Release notes

1.4.0

get_pseudobulk changes:
- Default values now do not filter features. For feature filtering check the new functions filter_by_expr or filter_by_prop.
- If feature filters are used, it may return more genes than before due to a change of > min_props to >= min_props.
- Now it returns quality control metrics such as psbulk_n_cells, psbulk_counts and psbulk_props.
- Now groups_col accepts take multiple keys.
- Now mode accepts a dictionary of callable functions. The resulting profiles will be stored in .layers.
swap_layer now has a new argument X_layer_key, a .layers key where to move and store the original .X.
Pseudobulk and bulk vignettes have been updated to use the PyDESeq2 package
run_consensus now accepts extra arguments with the new parametter args that are passed down to decouple.
Omnipath functions now return resources with sorted indexes and throw a warning if the version is too old.
run_wsum and run_wmean now correctly accept empty null distributions.

Added filter_by_expr feature filtering function from edgeR.
Added filter_by_prop feature filtering function.
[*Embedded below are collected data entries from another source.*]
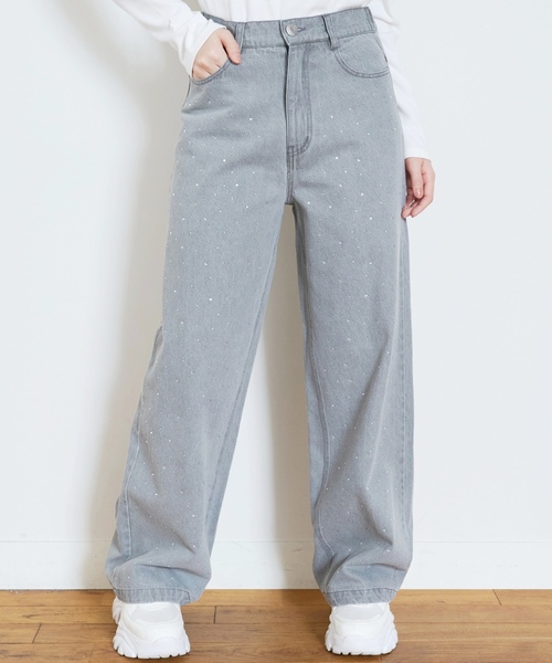 存在感抜群のストーンデザインがコーディネートを格上げするデニムパンツです。 シンプルなトップスと合わせるだけで、オシャレ映えするスタイリングが完成します。 程よくゆったりとしたシルエットで、はき心地も快適。 デイリー使いはもちろん、トレンド感のある着こなしにも活躍する一本です。 【おすすめの着用時期は春夏シーズン】 【透け感】透けない 【生地の厚さ】普通 【伸縮性】あり 【裏地】なし 【ポケット】あり 【アジャスター】あり
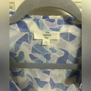 Elevate your wardrobe with this stunning Entro Anthro Geometric Balloon Sleeve Top. The oversized blouse is perfect for any occasion and features short balloon sleeves that add a touch of whimsy to your outfit. The multicolor geometric pattern is eye-catching and unique, making it a must-have for any fashion-forward woman. It is a great addition to any wardrobe and can be paired with jeans or a skirt. The top is perfect for its features, including an oversized fit, making it comfortable and stylish. Add this top to your collection and make a statement wherever you go. It is available in size XL and is pre-owned, but in excellent condition.
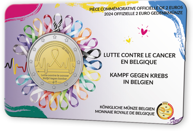 Opis: W środkowej części monety widać wstążkę, której używa się powszechnie jako symbolu zaangażowania w walkę z rakiem. Końce wstążki rozciągają się w dwie strony, tworząc faliste linie nawiązujące do wykresu rytmu serca na monitorze i wyrażające życie i witalność. Górą biegną trzy linie, które oznaczają tęczę (symbol nadziei i pocieszenia). Na dolnej linii umieszczono kod kraju „BE” i rok „2024”. W dolnej części monety znajdują się napisy po francusku i niderlandzku: „Lutte contre le cancer” i „Strijd tegen kanker” (Walka z rakiem), a nad napisami po lewej stronie – inicjały projektantki Iris Bruijns. Na samym dole umieszczono znak mincmistrza Belgii – kwiat astra z kolbą Erlenmeyera – oraz (ponieważ monety będzie bić Królewska Mennica Holenderska) znak mennicy w Utrechcie, czyli laskę Merkurego. W otoku monety widnieje 12 gwiazd z flagi Unii Europejskiej.
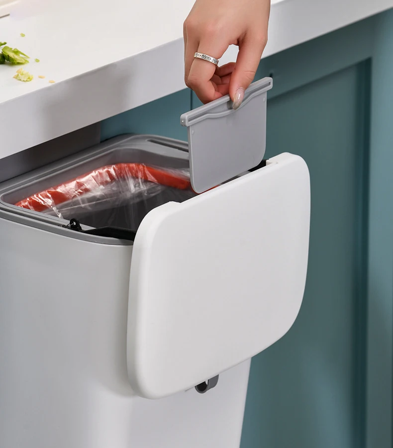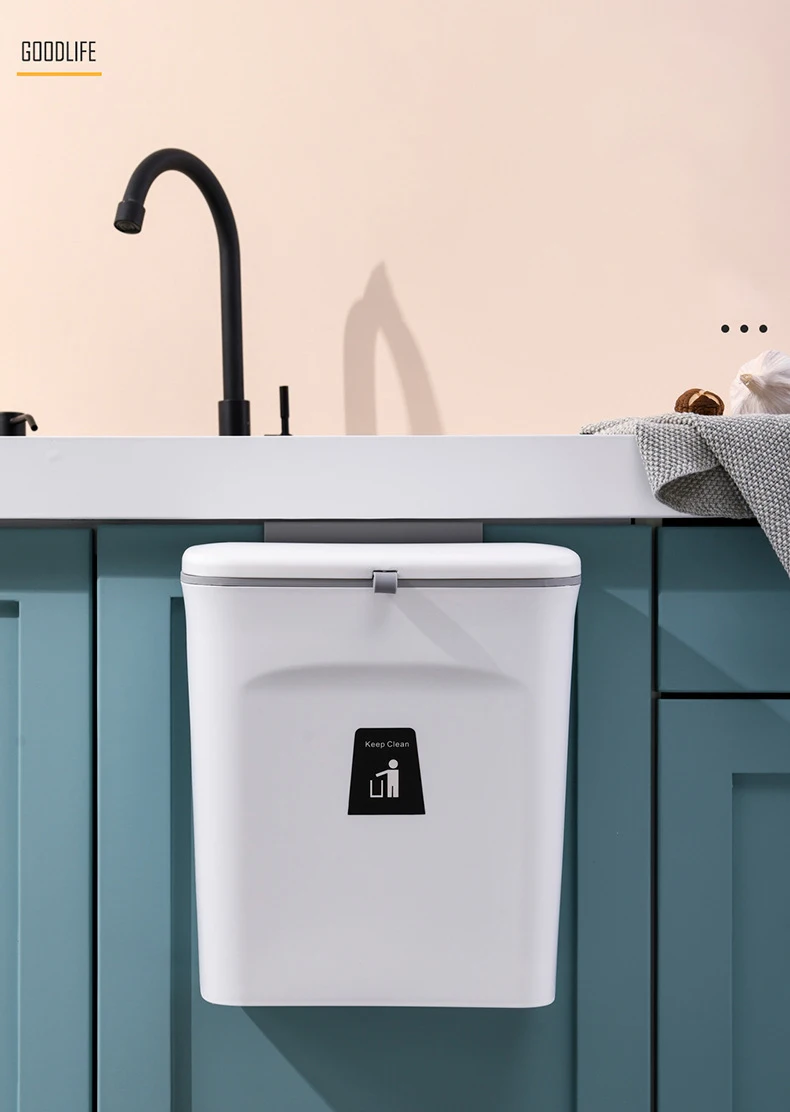 Это мусорное ведро в шкафу Aubid висит на вашей двери кухонного шкафа для быстрого и легкого доступа, пока вы заняты на кухонной стойке.
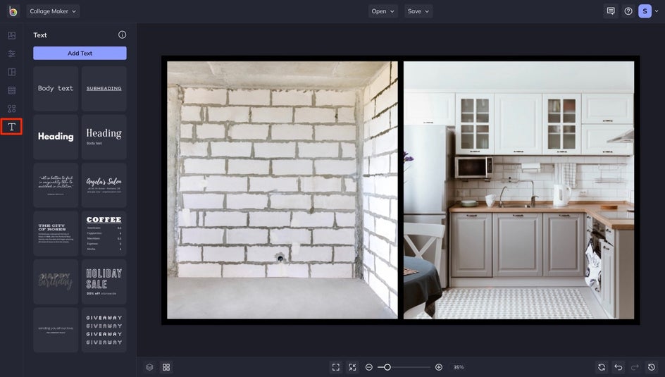 Adding "Before" and "After" labels isn't necessary, but it's recommended. Especially if you've made a very drastic change, as we did here. To add text, click on the Text tab, followed by Add Text. Or, you can choose one of the available presets.
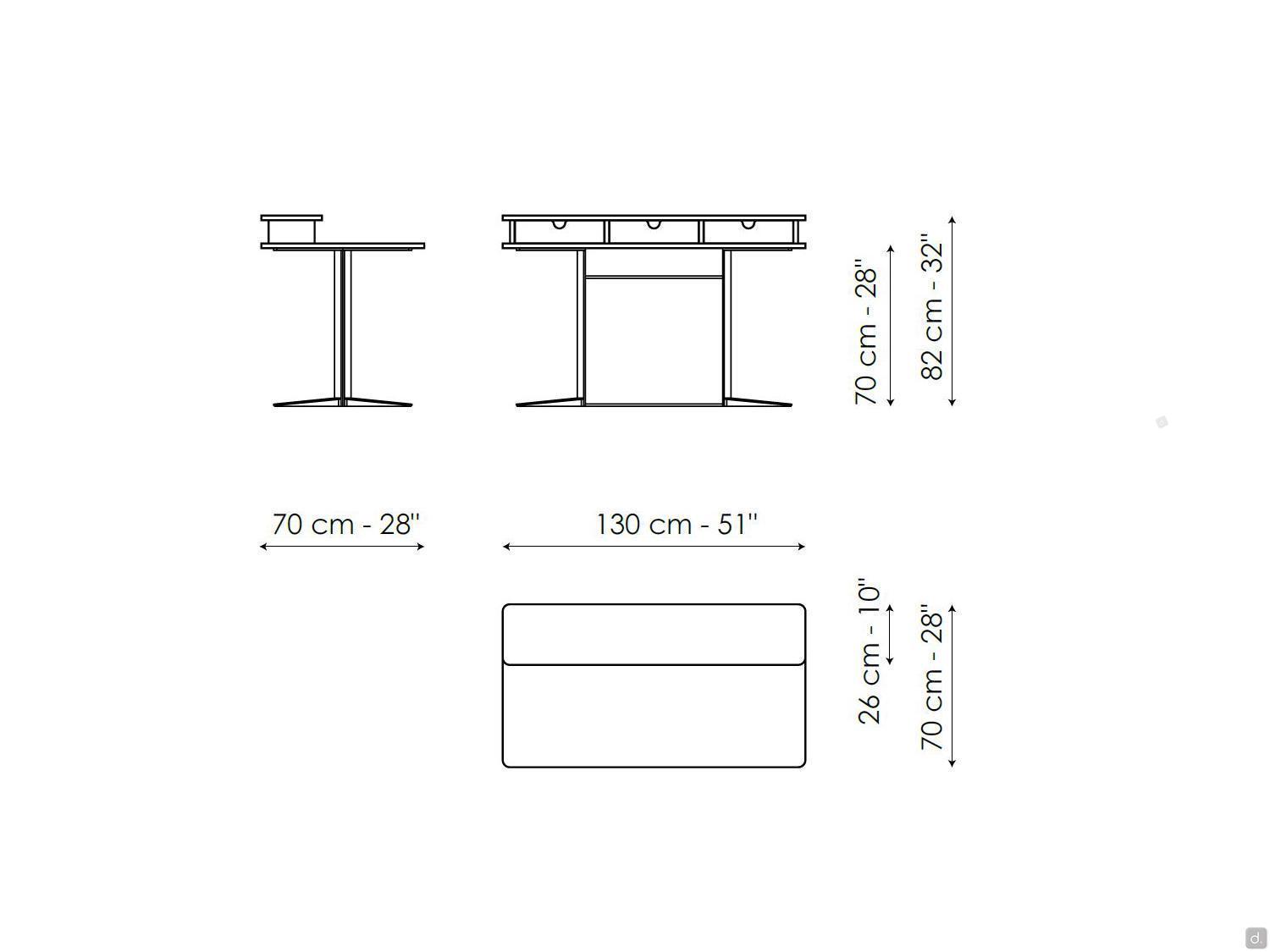 Maße- cm 130 t.70 h.82Bodenhöhe: - cm 70 Stärke der Ebenen:- cm 2Materialien und AusführungenStruktur:- Holz Canaletto NussbaumSchubladen:- lackiertes HolzBasis:- metall
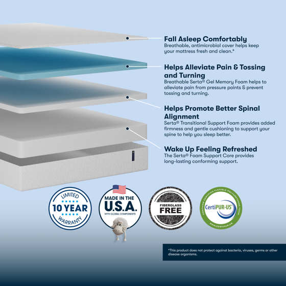 Serta 10 inch, Queen Mattress, Medium Mattress, Gel Memory Foam Mattress, Cooling, Pressure Relief, Mattress in a Box, Queen Size Mattress
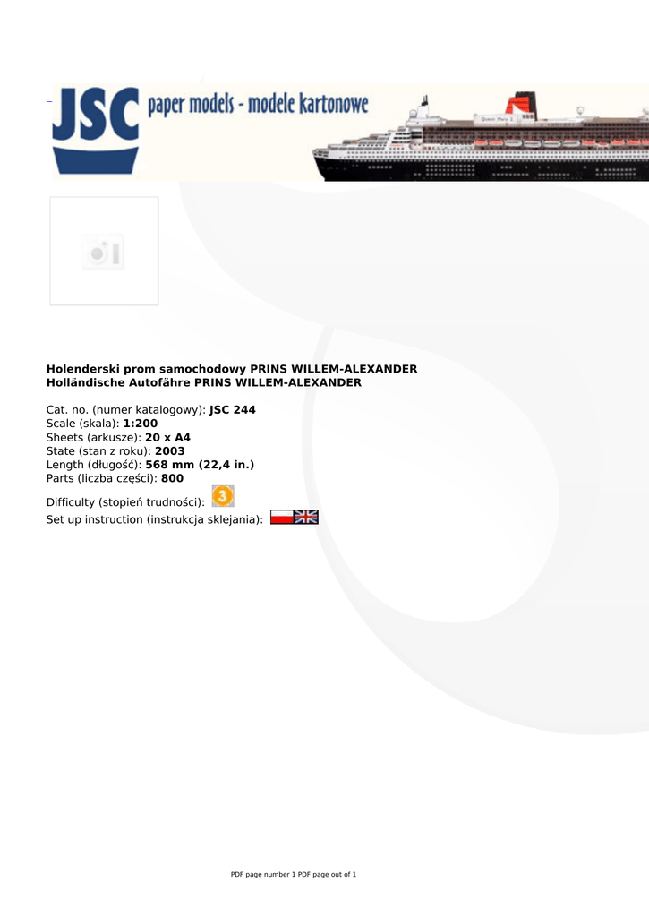 Holenderski prom samochodowy PRINS WILLEM-ALEXANDER Holländische Autofähre PRINS WILLEM-ALEXANDER Cat. no. (numer katalogowy): JSC 244 Scale (skala): 1:200 Sheets (arkusze): 20 x A4 State (stan z roku): 2003 Length (długość): 568 mm (22,4 in.) Parts (liczba części): 800 Difficulty (stopień trudności): Set up instruction (instrukcja sklejania): PDF page number 1 PDF page out of 1
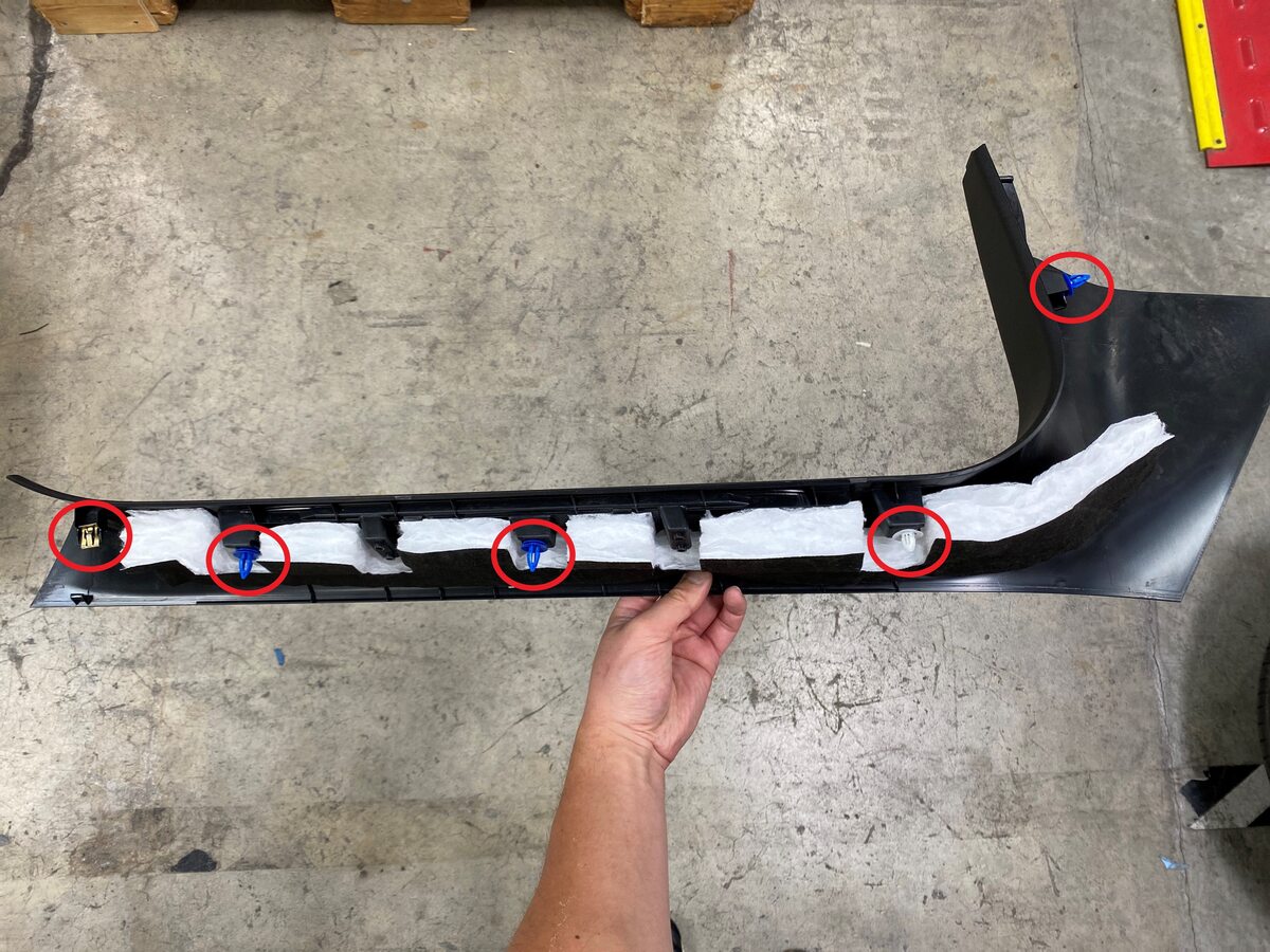 Note4x clips, The number of clips securing the a pillar sill trim varies depending on vehicle production date, Replace any damaged or missing clips prior to re-installing sill trim
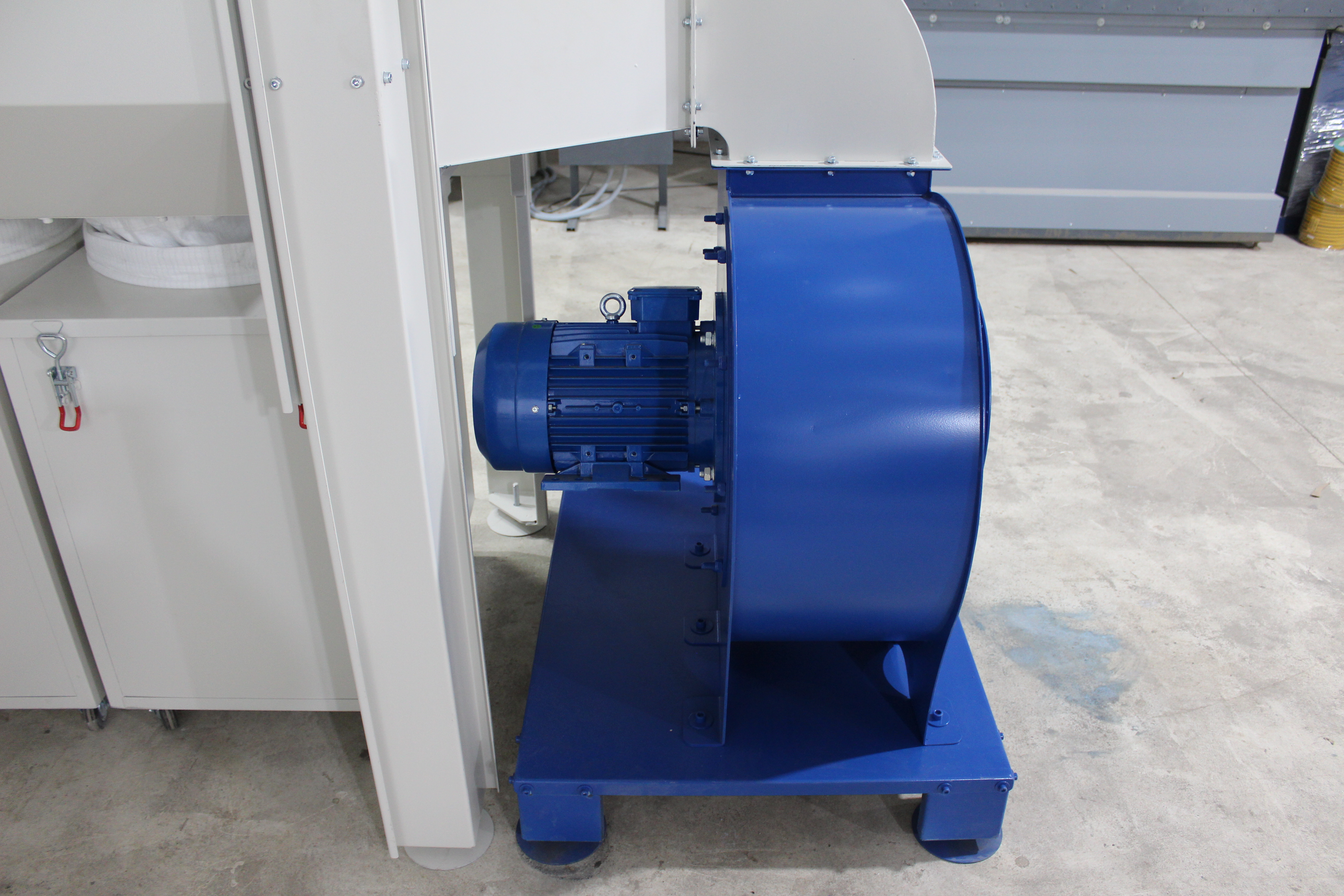 Агрегат состоит из малошумного вентилятора с профилированными лопатками, встроенного циклонного элемента с корпуса, пылевого улиточным входом для отделения крупных фракций пыли, бункера для сбора пыли и 64 фильтровальных рукавов оснащенных двумя двигателями для вибростряхивания.
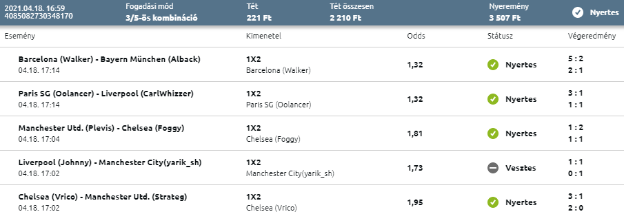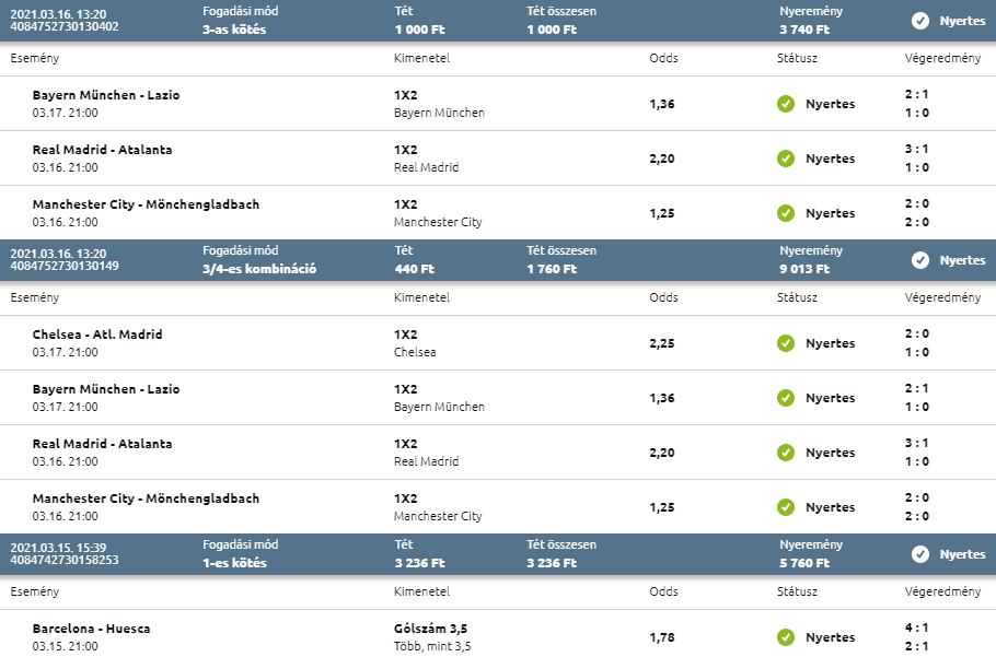 Ha valóban így volt, ahogy mondtad, akkor még a reál madrid meccsen kell egy gól 14:59 előtt és jön ~340 ezer egy kedves idős ismerősömnek. Megérdemelné
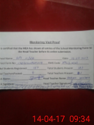 | Attendance Register | Head Teacher | MEA with School | Visit Proof |
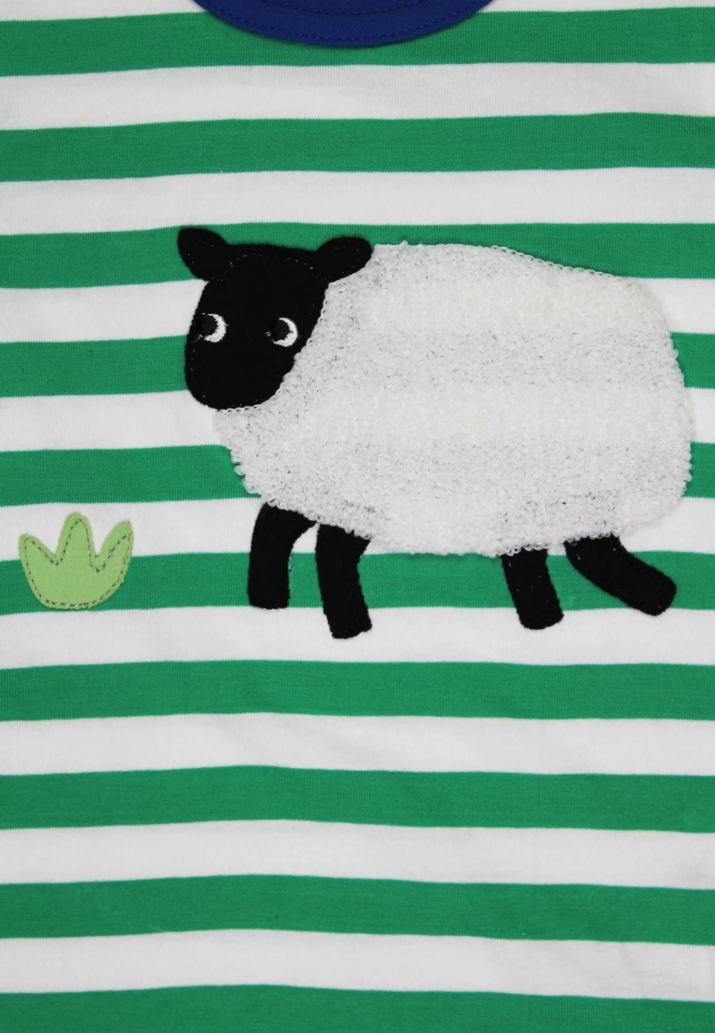 Say hello to our playful Organic Hillside Sheep Applique Short Sleeved T-Shirt! Made from 100% organic cotton and featuring a fluffy sheep applique on the front (and two on the back!), this green and white striped jersey t-shirt is perfect for ages 6 months to 6 years. Part of our Hillside Walk collection.

In previous versions it was incorporated inside get_pseudobulk.
Added plot_psbulk_samples to assess the quality of pseudobulk samples.
Added plot_filter_by_expr to assess which filtering thresholds to use in filter_by_expr.
Added plot_filter_by_prop to assess which filtering thresholds to use in filter_by_prop.
Added plot_volcano_df to plot volcano plots from long format dataframes.
Added plot_targets to plot downstream target genes of a source by their change and weight.
Added get_collectri to retrieve the CollecTRI gene regulatory network.
Added get_ksn_omnipath to retrieve the Kinase-Substrate network from omnipath.
Added rank_sources_groups to identify marker sources (TFs, pathways, etc.) per group of samples/cells.

get_pseudobulk now has new arguments: mode to change how to summarize profiles and skip_checks to bypass checks.
OmniPath functions now accept more organism synonyms.

get_pseudobulk and get_acts now have a dtype argument due to future AnnData changes.
plot_metrics_scatter and plot_metrics_boxplot now use GroupBy.mean(numeric_only=True).

Omnipath wrappers (get_resource, get_dorothea and get_progeny) now accept any organism name.

Fixed change in api from sklearn.tree.
Forced gene names in extract to be in unicode format.
Changed integer format from int32 to int64 to accommodate larger datasets across methods.

Added conversion utility function translate_net to translate nets across organisms.

extract now removes empty samples and features.
run_consensus now follows the same format as other methods, old function is now called cons.
get_pseudobulk now checks if input are raw integer counts.
plot_volcano now can plot without subsetting features by a network and can save plots to disk.
plot_volcano now uses adjustText to better plot text labels.
plot_volcano now can set logFCs and p-value limits for outliers.
get_top_targets now can also work without subsetting features by a network and returns significant adjusted p-values.
get_contrast now can also work without needing to group.
udt and mdt now check if skranger and sklearn are installed, respectively.
get_toy_data now contains more example TFs.
get_top_targets now returns logFCs and pvals as column names instead of logFC and pval.
format_contrast_results now returns also the adjusted p-value.

Added dense_run util function which runs methods ignoring zeros in the data.
Added plot_violins and plot_barplot functions.
Added p_adjust_fdr util function to correct p-values for FDR.
Added get_ora_df function to infer ora from lists of genes instead of an input mat.
Added shuffle_net function to randomize networks.
Added benchmarking metrics metric_auroc, metric_auprc, metric_mcauroc and metric_mcauprc.
Added get_toy_benchmark_data function to generate a toy example for benchmarking.
Added show_metrics function to show available metrics.
Added benchmark, format_benchmark_inputs and get_performances functions to benchmark methods and nets.
Added plot_metrics_scatter function to plot the results of running the benchmarking pipeline.
Added plot_metrics_scatter_cols function to plot the results of running the benchmarking pipeline grouped by two levels.
Added plot_metrics_scatter function to plot the results of running the benchmarking pipeline.
Added plot_metrics_boxplot function to plot the distributions of Monte-Carlo benchmarking metrics.